Ana Castela e a destinação de R$ 850 mil de verba pública para um show gratuito no município de São Fidélis (RJ), que ocorrerá no dia 27 de agosto, recolocam no centro das atenções o financiamento governamental de grandes eventos sertanejos. Repassado por meio de emenda parlamentar da deputada federal Dani Cunha (PL), o valor milionário aciona o alerta de órgãos de fiscalização sobre como as prefeituras gerenciam dinheiros do contribuinte. No último domingo (23), a cantora posou ao lado do deputado federal Nikolas Ferreira (PL). Na foto, os dois fizeram o número 2 com as mãos, em um gesto que pode ser uma referência ao número 22, usado pelo PL nas urnas.
Cachê público chega a R$ 1,3 milhão
O cachê público da Ana Castela alcançou o topo de R$ 1,3 milhão em Barbacena (MG), figurando entre as 13 contratações municipais firmadas desde junho. Contratos milionários também foram fechados por cidades como Cruz das Almas (BA), Maceió (AL), Pouso Alegre (MG) e São João del-Rei (MG), com montantes que variam entre R$ 820 mil e R$ 900 mil para apresentações gratuitas.
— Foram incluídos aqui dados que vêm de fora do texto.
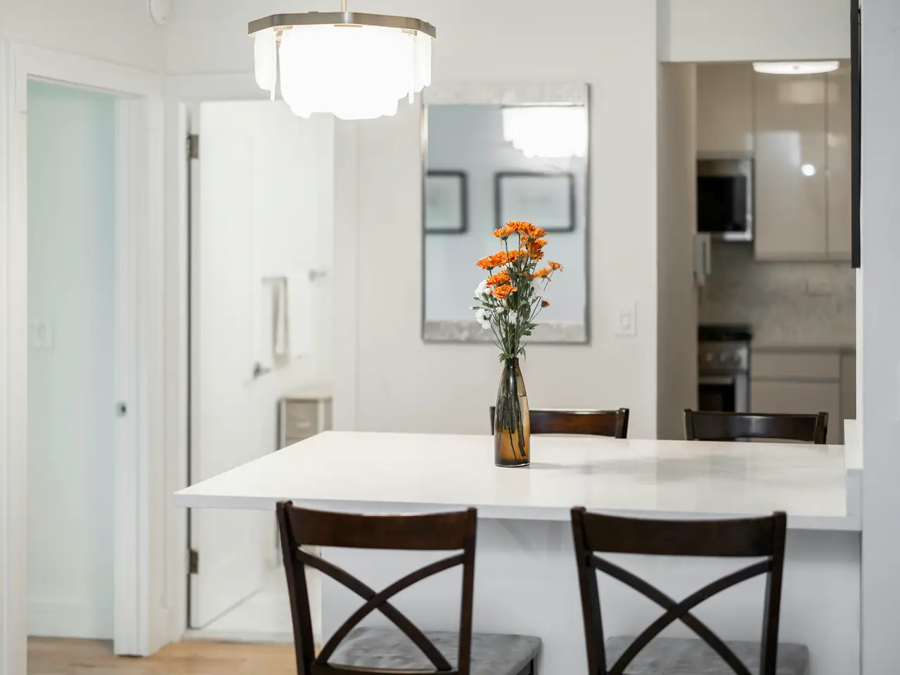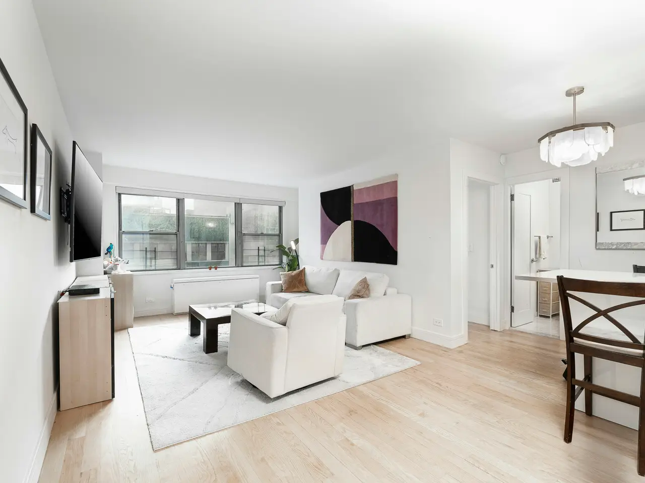 Behold this sun-soaked sanctuary--a spacious, recently renovated two-bedroom, one-and-a-half-bath home that feels both elevated and effortless. Every room is kissed by southern light, the kind that drifts gently through the trees and paints soft golden patterns on your walls--a daily reminder that even in the city that never sleeps, serenity still finds its way home. Enter into the home, and you'll experience a welcoming hallway lined with abundant closets that open like a prelude, whispering promise and practicality. Then, the living room unfolds, perfectly proportioned, polished yet playful, framed by a wall of windows that invite the afternoon sun to linger and stay awhile. Here, light isn't just illumination; it's the language of luxury. Your renovated kitchen gleams with sleek stainless-steel appliances--a quiet symphony of steel and style. The wine refrigerator hums softly, a lullaby for connoisseurs; countertops glisten like calm waters under the morning light. Modern elegance meets timeless taste, where every meal becomes both ritual and reward. The split-bedroom layout is an ode to privacy. Your primary suite, tucked gracefully to the left, features an en-suite bathroom that sparkles with spa-like finishes and modular closets ready to cradle couture and calm alike. To the right, the second bedroom awaits--perfect as a nursery, study, guest retreat, or creative corner--versatile as your own ambition. Nearby, the half bath ensures guests feel every ounce of the home's thoughtful design. At The Parker Gramercy, service smiles before you ask. A 24-hour doorman and concierge, live-in superintendent, on-site valet, dry-cleaning, and laundry facilities compose a daily symphony of ease. Maintenance fees remain mercifully low, proof that luxury need not shout to be heard. Venture outside, and the city's heartbeat quickens: Union Square's energy, Chelsea's galleries, Flatiron's dining delights, and the Village's timeless verve all converge at your door. Whole Foods, Trader Joe's, Wegmans, and the famed Greenmarket are your daily companions, while nearby subways and buses keep the entire city within reach. The Parker Gramercy considers an array of purchasing options: up to 75% financing, pieds-à-terre, parents buying with children, guarantors, gifting, and trust ownership are each considered thoughtfully and on a case-by-case basis. Experience Apartment 1014 at The Parker Gramercy: where Flatiron meets Chelsea, Union Square flirts with Greenwich Village, and downtown charm meets uptown poise.

Veja quais cidades destinaram verbas públicas para shows de Ana Castela
Inexigibilidade e licitação de shows
A inexigibilidade de licitação, quando o poder público não obriga uma disputa, ampara formalmente a contratação pela Lei de Licitações, a Lei nº 14.133/2021, que permite a escolha direta de artistas consagrados pelo julgamento de especialistas ou pelo público.
Exigências legais rigorosas, no entanto, condicionam a validade da operação à publicação transparente de pareceres jurídicos, comprovação de exclusividade empresarial e justificativa de que o cachê público cobrado é equivalente ao praticado no mercado privado.
Emendas parlamentares para eventos locais
Recursos federais de emendas demandam plano de trabalho detalhado e não podem ser aplicados de forma arbitrária pelos prefeitos.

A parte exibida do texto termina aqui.